Miami-Dade County - A Taiwan-based maker of scooters, motorcycles and all-terrain vehicles, Keen Perception Industries, is opening an office in Miami-Dade to service its Latin American markets. The company expects to hire 20 people locally.
The latest official charged in the county's ongoing crackdown on fraud and corruption is Bill Cutie, Miami-Dade parks director. He is charged with misconduct stemming from the disappearance of $1.6 million in trees earmarked for public landscaping projects. He denies the charges.
After threatening to relocate its headquarters from Miami-Dade, international cargo carrier Fine Air Services has struck a deal to stay in the county. The company, which will receive economic incentives worth close to $850,000, also has announced it will add about 250 positions to its workforce of 1,000 over the next three years.

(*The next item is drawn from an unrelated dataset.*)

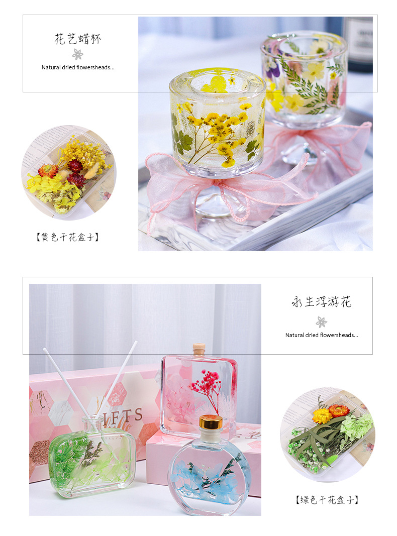 영원한 꽃 말린 꽃 DIY 말린 꽃 머리 소재 가방 혼합 꽃 상자 DIY 아로마 테라피 촛불 수제 사진 프레임 영원한 꽃잎스토어 가기

Two local companies announced plans to expand operations and add employees. Badia Spices, a worldwide seller of spices marketed to Hispanic and African-American consumers, will move to a new 37,000-sq.-ft. facility and create 25 new jobs. And BRB Cabinets, a maker of prefabricated cabinets, will move to a new 43,000-sq.-ft. facility within Miami-Dade's recently designated North Central Enterprise Zone. The company will hire 10 new employees.
A judge has ordered Miami-Dade County to let voters in two unincorporated neighborhoods decide whether they want to govern themselves. The decision paves the way for elections within 90 days for residents of the Doral and Palmetto Bay areas. County officials fear other areas will follow, leading to an exodus of Miami-Dade's wealthier communities from county government.
South Florida - Alabama-based Colonial Bank is laying off 35 employees after consolidating operations at its branches in Miami, Miami Beach, Fort Lauderdale and West Palm Beach. The company, which entered the region in early 1997, operates 16 south Florida branches and expects to open five more.
Two national retailers, J. Riggins and Wild Pair, will cease operations and close 43 stores statewide, including 27 in south Florida. J. Riggins, which sells young men's clothing and Wild Pair, a shoe retailer, are both owned by Boston-based Edison Brothers Stores, which filed for bankruptcy protection earlier this year.